Additionally, network reliability is crucial for effective data transmission. Network redundancy systems and local data storage mechanisms were established to ensure continuity in data collection and avoid data loss due to fluctuations in network connectivity.
Table 2 summarizes the key challenges faced in calibration and data collection with different types of IoT sensors and the strategies implemented to address these issues. The table provides a comprehensive view of how the accuracy and integrity of the data were ensured, highlighting both the technical obstacles and the solutions applied to overcome them in the context of urban environmental monitoring.
2.4. Data Analysis and Algorithm Development
Data analysis and algorithm development are essential for turning large volumes of raw data into actionable insights. The algorithms to be developed cover several areas of data analysis:
Preprocessing of the collected data is carried out in several stages. Initially, the data are subjected to cleaning that involves the elimination of outliers using statistical methods such as the Tukey test or the analysis of standard deviations. Missing values are treated using imputation techniques, such as mean imputation or k-nearest neighbors’ imputation, depending on the nature of the data [
41]. Normalization is applied to the data to homogenize the scale from different sources, using min–max normalization or Z-score standardization methods.
For descriptive statistical analysis, measures of central tendency and dispersion are used, and for exploratory data analysis (EDA), visual techniques such as histograms, boxplots, and scatterplots are applied.

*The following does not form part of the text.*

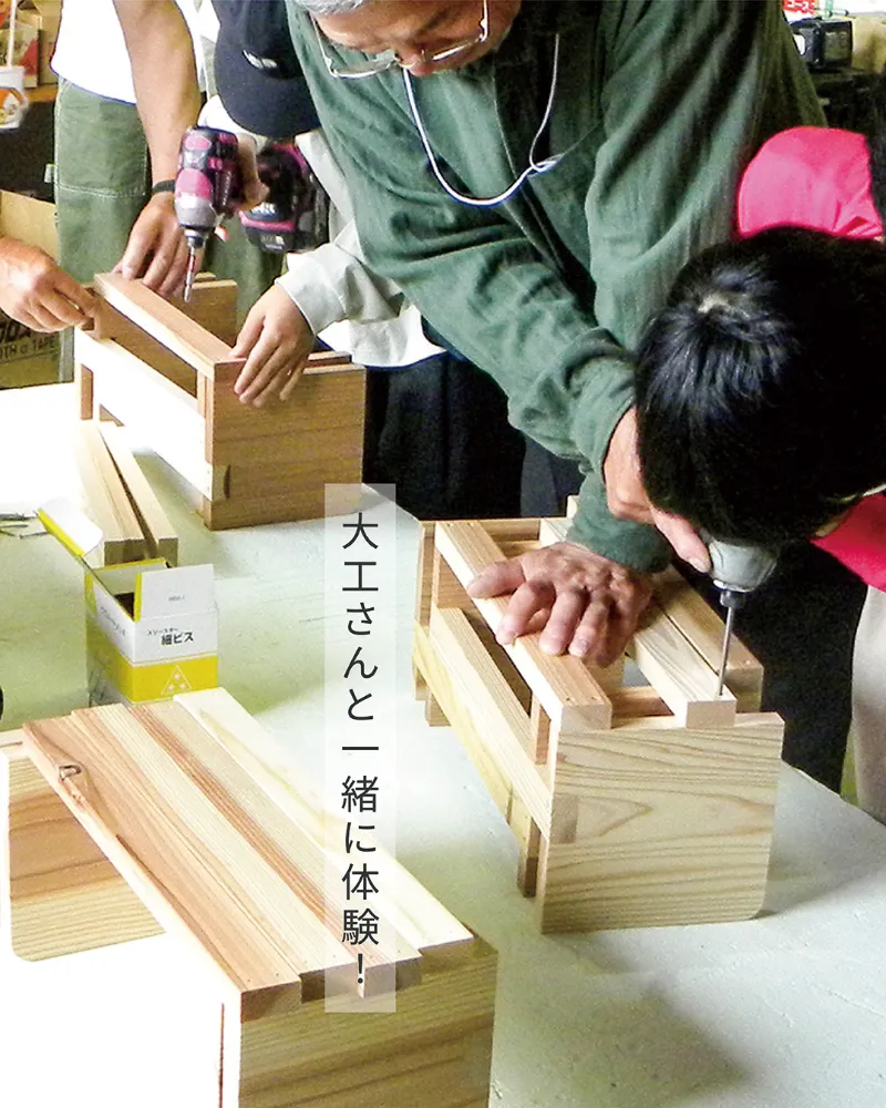 大工さんと一緒に楽しめるものづくり体験や、

Regression algorithms, classifiers such as support vector machines, and neural networks are used to predict pollution levels in predictive modeling [
42,
43]. Clustering algorithms identify patterns in unlabeled data, such as k-means or Density-Based Spatial Clustering of Applications with Noise (DBSCAN).
The interpretation of the data is carried out through analyzing the outputs of these models. At the same time, the visualization is facilitated through interactive dashboards that allow users to explore the data using filters and controls. Time series are visualized through line or area graphs. Each algorithm and visualization technique is selected and customized to the specific needs of the analysis, ensuring that results are both technically sound and accessible to end users, including decision-makers and the public.
Regarding the architecture of the CNNs, a model with multiple layers was used, including convolutional layers for feature extraction, pooling layers for dimensionality reduction, and finally, fully connected layers for classification. ReLU activation functions were used for the convolutional layers and Softmax for the output layer. A maximum tree depth was defined for decision trees, and entropy criteria were utilized for node splitting.
The CNN architecture consisted of three convolutional layers, each followed by a pooling layer to reduce dimensionality. The convolutional layers had 32, 64, and 128 filters, respectively, with a kernel size 3 × 3. Max pooling was used for the reduction layers. The network ended up with two fully connected layers of 64 and 32 nodes.
A maximum depth of 10 levels was set for the decision trees, and the Gini impurity criterion was used for splits. Parameter tuning was performed with a grid search, evaluating combinations of tree depth and number of leaf nodes. Five-fold cross-validation was used to avoid overfitting and ensure the model’s generalization.
Parameter tuning was performed using cross-validation and grid search techniques to find the optimal combination of hyperparameters. This approach ensured the generalization and effectiveness of the models. Validation and testing were carried out on separate data sets, using metrics such as accuracy, sensitivity, and specificity to evaluate model performance.